=== Problem details ===
Only lines, not pictures: please repeat exactly the lines from the one with "La Secretaría de" through the end of the listing.

=== Raw data ===
____

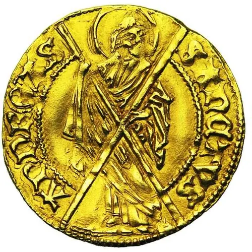 Full length figure of Saint ANdrew, facing forward holding his cross |
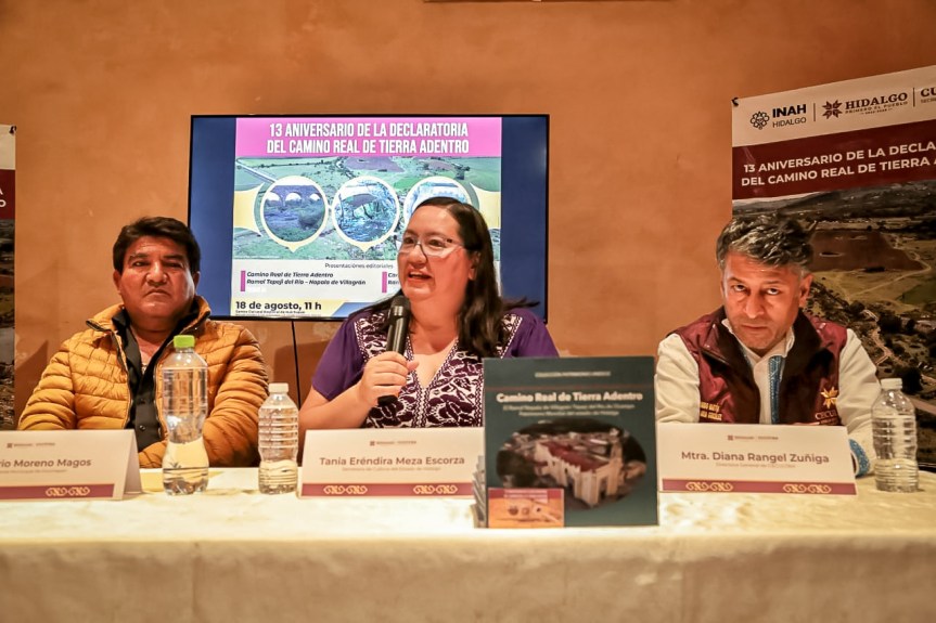 La Secretaría de Cultura, a cargo de Tania Meza Escorza, y el Centro Regional INAH Hidalgo, dirigido por Osvaldo José Sterpone, iniciaron una campaña de valoración patrimonial con la presentación de los libros Ramal del Camino Real Tecozautla-Huichapan y Camino Real de Tierra Adentro para conmemorar sus 13 años de declaratoria y la reciente de Zona de Monumentos Históricos del municipio de Huichapan.
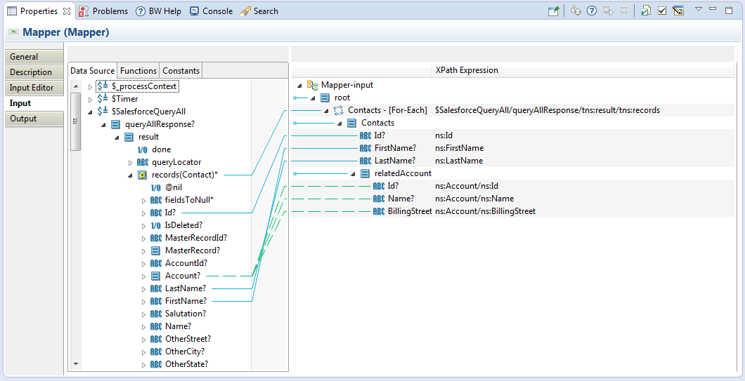 Mapper is a general activity defined in TIBCO ActiveMatrix BusinessWorks. It is used as the data consumer of the Salesforce Query All activity.

____

=== Task output ===
 La Secretaría de Cultura, a cargo de Tania Meza Escorza, y el Centro Regional INAH Hidalgo, dirigido por Osvaldo José Sterpone, iniciaron una campaña de valoración patrimonial con la presentación de los libros Ramal del Camino Real Tecozautla-Huichapan y Camino Real de Tierra Adentro para conmemorar sus 13 años de declaratoria y la reciente de Zona de Monumentos Históricos del municipio de Huichapan.
 Mapper is a general activity defined in TIBCO ActiveMatrix BusinessWorks. It is used as the data consumer of the Salesforce Query All activity.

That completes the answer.